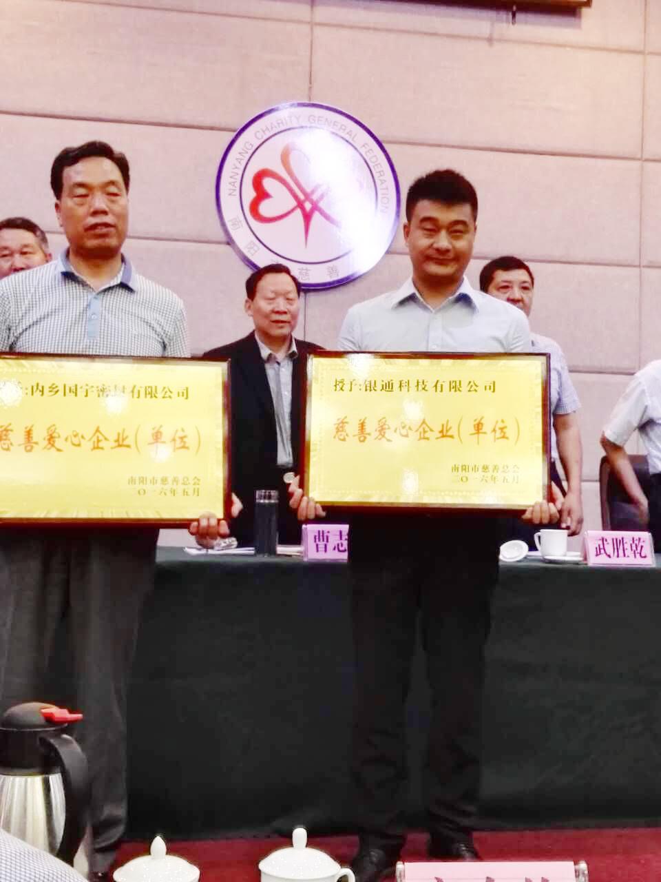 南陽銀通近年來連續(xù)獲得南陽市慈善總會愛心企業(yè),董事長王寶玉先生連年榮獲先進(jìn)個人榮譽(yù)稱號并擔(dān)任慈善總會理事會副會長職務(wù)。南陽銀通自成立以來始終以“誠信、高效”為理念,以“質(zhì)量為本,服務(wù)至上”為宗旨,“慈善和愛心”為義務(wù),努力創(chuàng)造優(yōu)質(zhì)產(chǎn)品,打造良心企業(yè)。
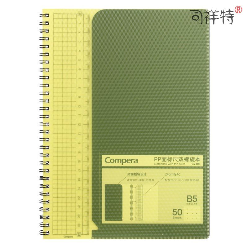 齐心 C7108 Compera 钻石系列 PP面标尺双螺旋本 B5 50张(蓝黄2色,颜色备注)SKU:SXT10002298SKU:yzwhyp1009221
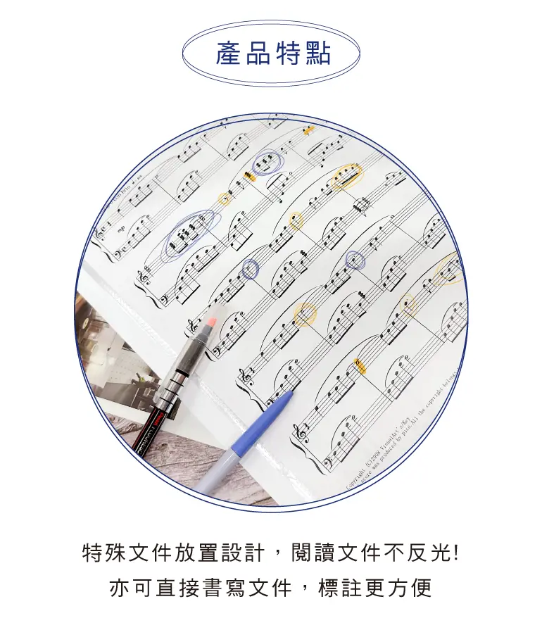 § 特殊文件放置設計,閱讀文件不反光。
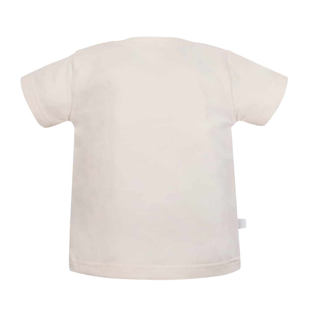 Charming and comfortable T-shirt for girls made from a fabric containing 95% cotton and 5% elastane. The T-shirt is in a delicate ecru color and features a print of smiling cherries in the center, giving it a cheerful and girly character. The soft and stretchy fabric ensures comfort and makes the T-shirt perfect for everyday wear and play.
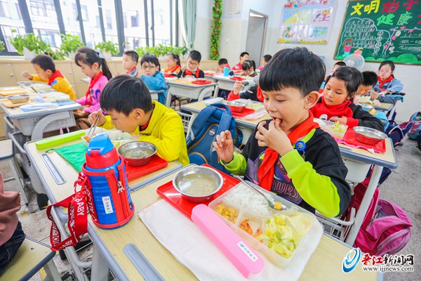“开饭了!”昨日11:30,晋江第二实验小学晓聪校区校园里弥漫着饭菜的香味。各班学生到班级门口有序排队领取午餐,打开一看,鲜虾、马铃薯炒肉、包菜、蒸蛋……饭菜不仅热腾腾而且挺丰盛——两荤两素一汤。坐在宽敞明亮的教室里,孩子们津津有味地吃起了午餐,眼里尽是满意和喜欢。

- - -

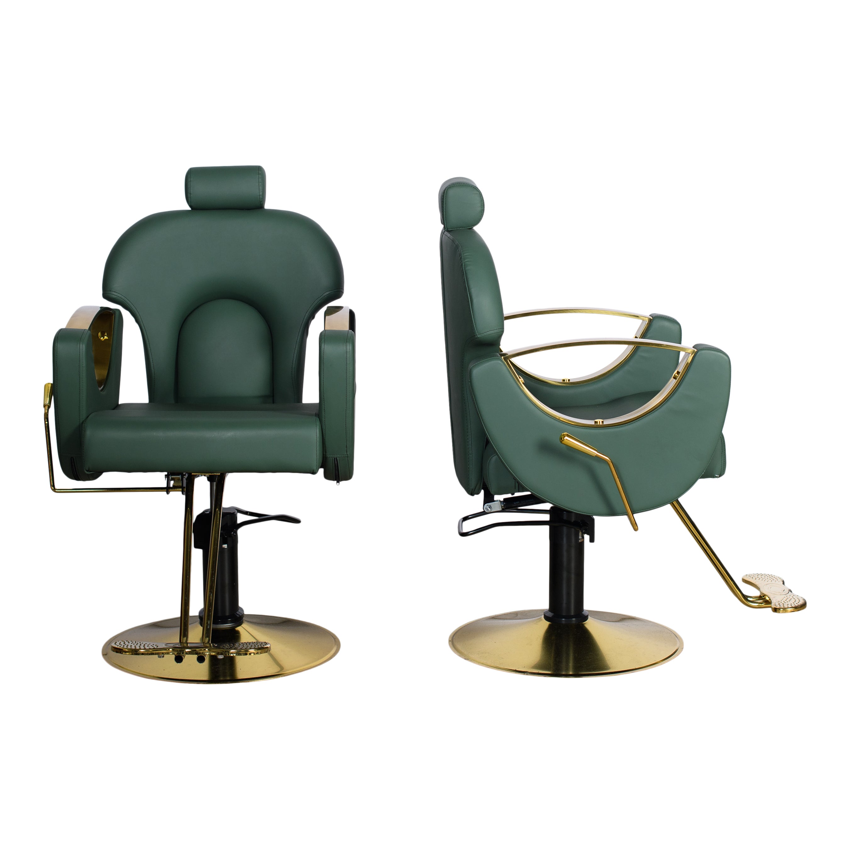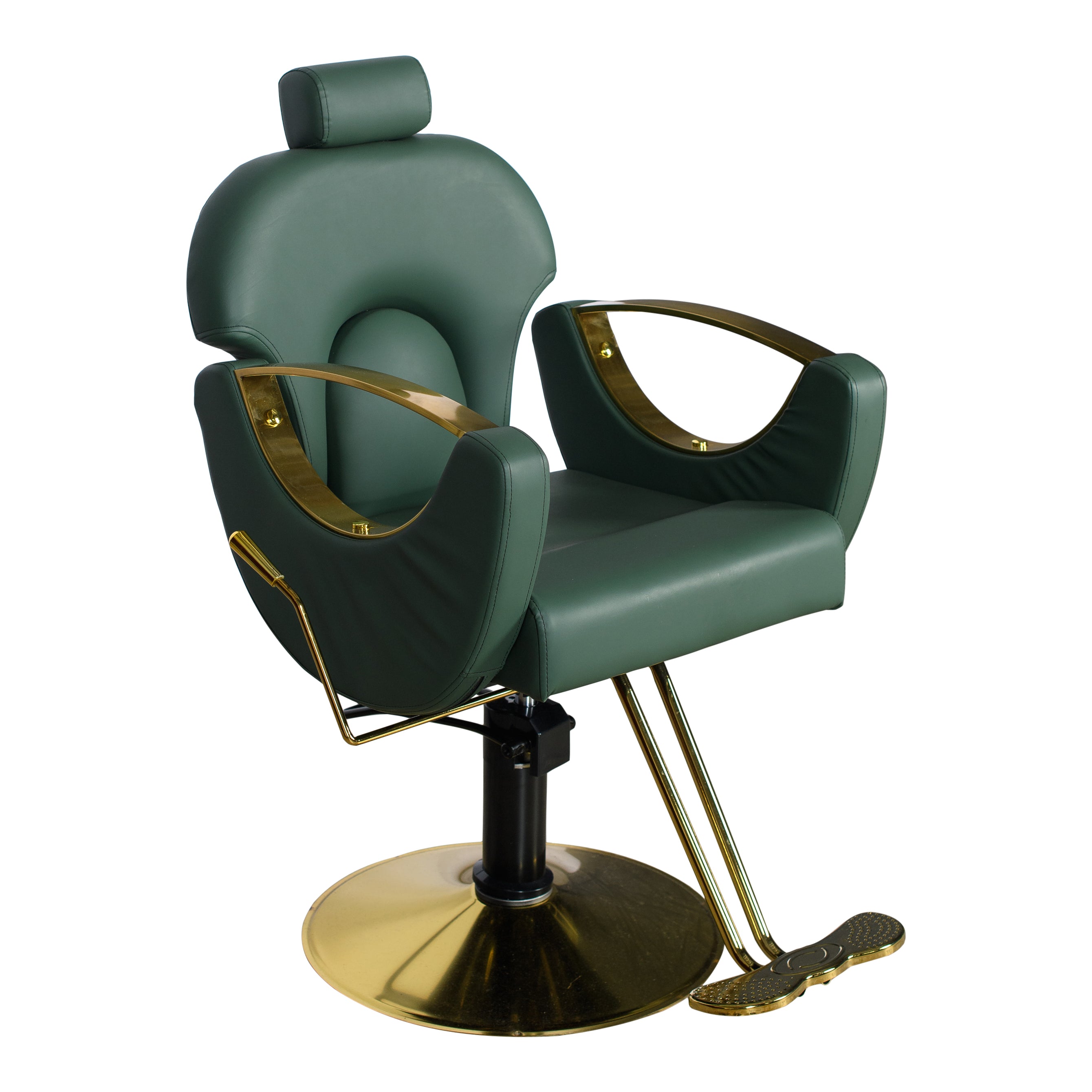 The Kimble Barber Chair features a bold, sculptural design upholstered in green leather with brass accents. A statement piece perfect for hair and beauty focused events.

- - -

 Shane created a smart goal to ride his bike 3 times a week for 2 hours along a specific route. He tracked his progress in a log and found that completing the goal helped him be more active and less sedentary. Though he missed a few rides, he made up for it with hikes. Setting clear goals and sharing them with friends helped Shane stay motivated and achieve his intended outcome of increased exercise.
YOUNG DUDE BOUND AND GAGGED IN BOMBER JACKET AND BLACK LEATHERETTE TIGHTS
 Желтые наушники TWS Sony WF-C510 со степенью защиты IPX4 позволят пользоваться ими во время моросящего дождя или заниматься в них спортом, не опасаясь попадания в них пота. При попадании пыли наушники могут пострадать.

- - -

Task prompt. Repeat, word for word, the lines above between the line holding "YOUNG DUDE BOUND" and the line holding "Желтые наушники TWS", inclusive; omit everything else.

Written solution.
YOUNG DUDE BOUND AND GAGGED IN BOMBER JACKET AND BLACK LEATHERETTE TIGHTS
 Желтые наушники TWS Sony WF-C510 со степенью защиты IPX4 позволят пользоваться ими во время моросящего дождя или заниматься в них спортом, не опасаясь попадания в них пота. При попадании пыли наушники могут пострадать.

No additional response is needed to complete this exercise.